I just noticed that the PIX firewall, the phase 1 paramateres are not configured. You must configure the same PASE 1 and phase 2 settings on both ends of the tunnel.

For example, on CVPN 3000, you have configured settings Phase 1 as 3DES, pre-shared key etc... We have the same configuration on the PIX firewall too.

Here is an example of sample config

http://www.Cisco.com/en/us/products/HW/vpndevc/ps2284/products_configuration_example09186a00800949d2.shtml

I hope this helps!

Impossible to establish L2L ipsec VPN

Hi all

I have a PIX firewall in which 20 VPN are completed. one of my new requirment is to establish a vpn tunnel to another location in which I do not have access. my side, I will have a private IP pool that is allowed through the tunnel. I set up a nat with one of the IP from the pool and my server internal.

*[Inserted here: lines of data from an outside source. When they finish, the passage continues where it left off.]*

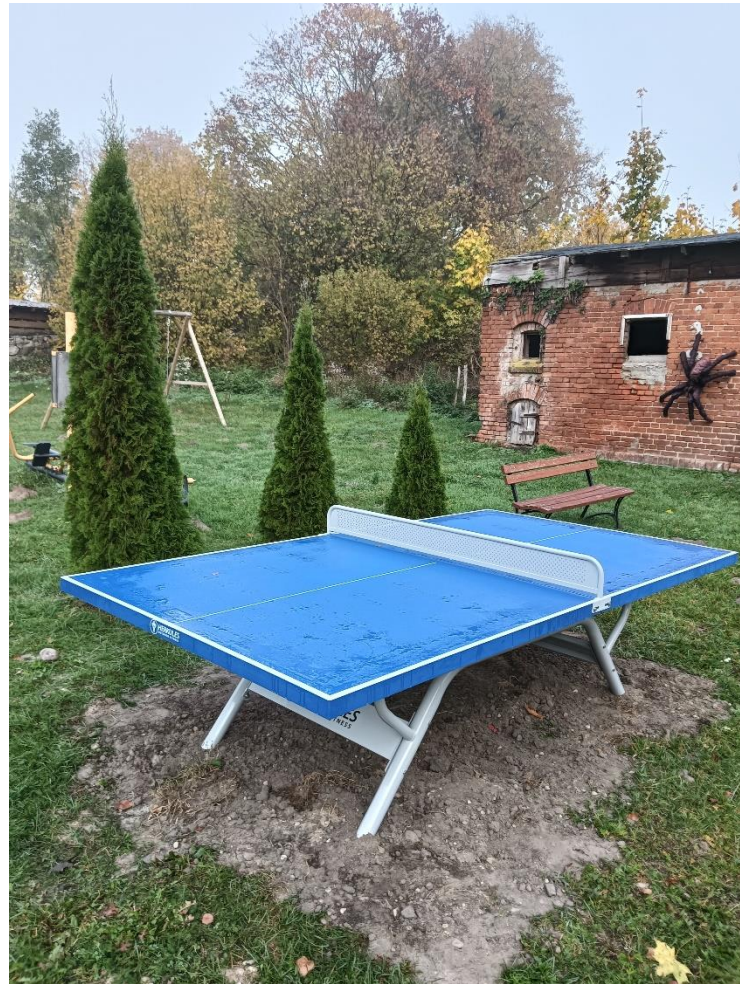
Stół do ping-ponga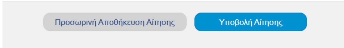
Εικόνα 9. Επιλογή υποβολής αίτησης

Προκειμένου να υποβάλετε αίτηση, θα πρέπει απλώς να «πατήσετε» στο πεδίο «Υποβολή αίτησης».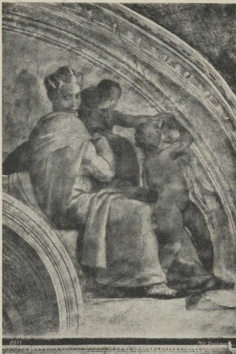
„Lunette Jacob-Joseph“ par Michel-Ange (1475—1564). (Partie droite). Chapelle Sixtine, Rome. — 2611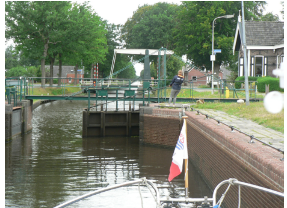
Dubbel rood op de brug was een fout in het systeem.

Woensdag 1 juli. In het gehele land is regen voorspeld, maar ik word wakker met zon en die blijft, op een paar lichte buitjes na. De wind is eerst zwak, maar wordt later toch weer stevig ZW 4-5. Ik kan pas om 09.30 uur vertrekken omdat de brug niet eerder draait. Om 09.35 uur is de brugwachter er en gaat mee naar alle bruggen. Zeer comfortabel vaar ik door Gorredijk, aansluitend aan 2 andere schepen. Om 10.20 uur ben ik door Gorredijk. Er zijn mooie aanlegplaatsen in Gorredijk, in het centrum die heb ik dus gemist. Om 12.00 uur ben ik in Oldeboorn, maar volgens mijn info dan draaien de bruggen niet. Maar ze draaien wel, 3 voetbruggen.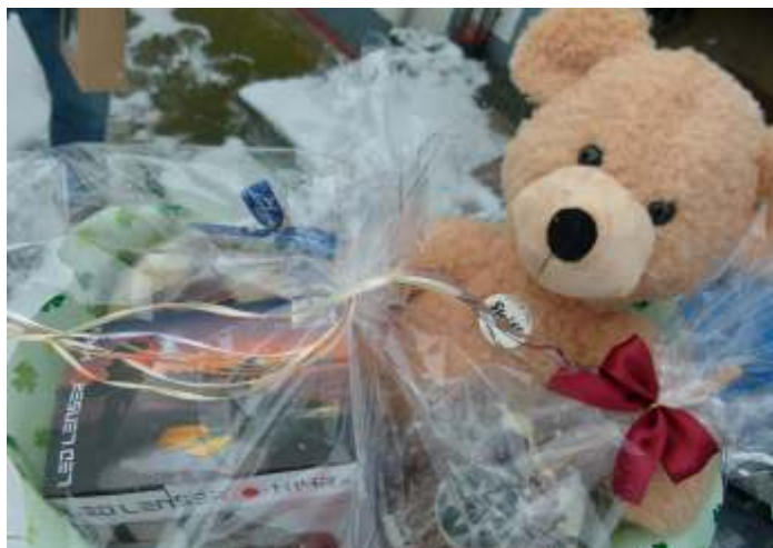
Der Preis für unsere Gewinnerin: Ein Präsentkorb gefüllt mit Inhalten für die ganze Familie.

Die Redaktion bedankt sich bei allen Teilnehmern der Online-Umfrage.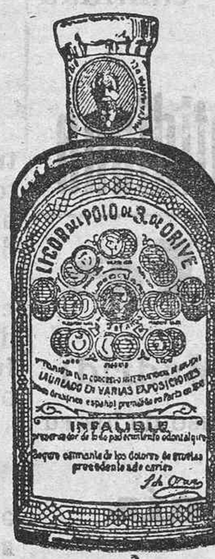
Frasco 1'50 pesetas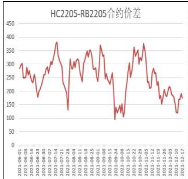
图6：热卷与螺纹跨品种套利

本周，HC2205合约走势强于RB2205合约，17日价差为175元/吨，周环比+54元/吨。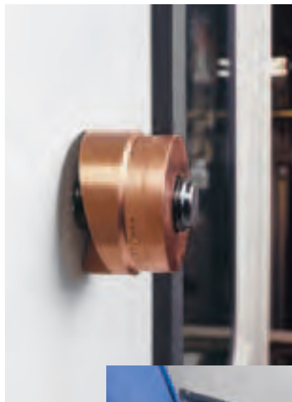
Einfach Matrize ansetzen und stanzen.

Die Standard-Werkzeuge sowie die der Serie Slug Buster® eignen sich zum Stanzen von Stahl, Aluminium und Kunststoff. Die Serie Slug Splitter® ist speziell geeignet für V2A-Bleche.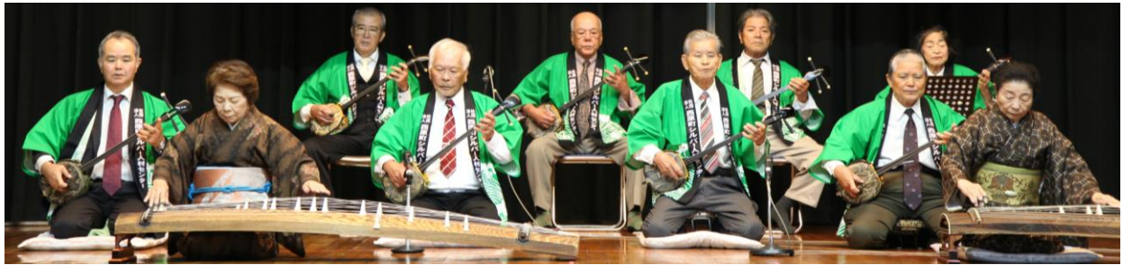
幕開け(かぎやで風節・恩納節・ごえん節)

I tried a lot of VPN tunnel is not coming

Please check the configuration of the memory and the complete configuration attached. In my config 10.66.100.208 255.255.255.248 is the ip pool and 192.168.0.239 is my server. When I try to ping 192.168.108.75 192.168.0.239 County acl VPN increases but tunnel is not coming

Please look for it and help me to sourt on this issue.

==============================================================
NAT ip 10.66.100.208 access list allow 255.255.255.248 host 192.168.108.75
NAT ip 10.66.100.208 access list allow 255.255.255.248 host 10.67.1.5

OR ip 10.66.100.208 access list permit 255.255.255.248 host 192.168.108.75
OR ip 10.66.100.208 access list permit 255.255.255.248 host 10.67.1.5

Crypto ipsec transform-set OR esp-3des esp-sha-hmac

part of pre authentication ISAKMP policy 25
ISAKMP policy 25 3des encryption
ISAKMP policy 25 sha hash
25 5 ISAKMP policy group
ISAKMP living 25 1440 duration strategy

Forsberg 38 ipsec-isakmp crypto map
card crypto forsberg 38 match OR address
forsberg 38 crypto map peer set 1.1.1.250

card crypto forsberg 38 transform-set OR
3600 seconds, duration of life card crypto forsberg 38 set - the security association

public static 10.66.100.209 (Interior, exterior) 192.168.0.239 netmask 255.255.255.255 0 0

ISAKMP key Fa$1xx!@$ address 1.1.1.250 netmask 255.255.255.255

======================================================================================

pixfirewall # sh OR access list
OR access list; 2 items
permit for line or access-list 1 ip 10.66.100.208 255.255.255.248 host 192.168.108.75 (hitcnt = 87)
permits for Access-list OR line 2 ip 10.66.100.208 255.255.255.248 host 10.67.1.5 (hitcnt = 0)
pixfirewall #.

Hello

The reason for this can be many. You can paste him debugs together here? Just ' clear crypto isakmp his ' and ' clear crypto ipsec his "and then open the tunnel to get the complete set of debugs.

Thank you and best regards,

Assia

several L2L ipsec VPN to the same destination (ip address)

Hi all

im lookin to establish an a L2L ips multiple tunnels (a tunnel for each subnet) of my cisco asa 5510 to the same destination.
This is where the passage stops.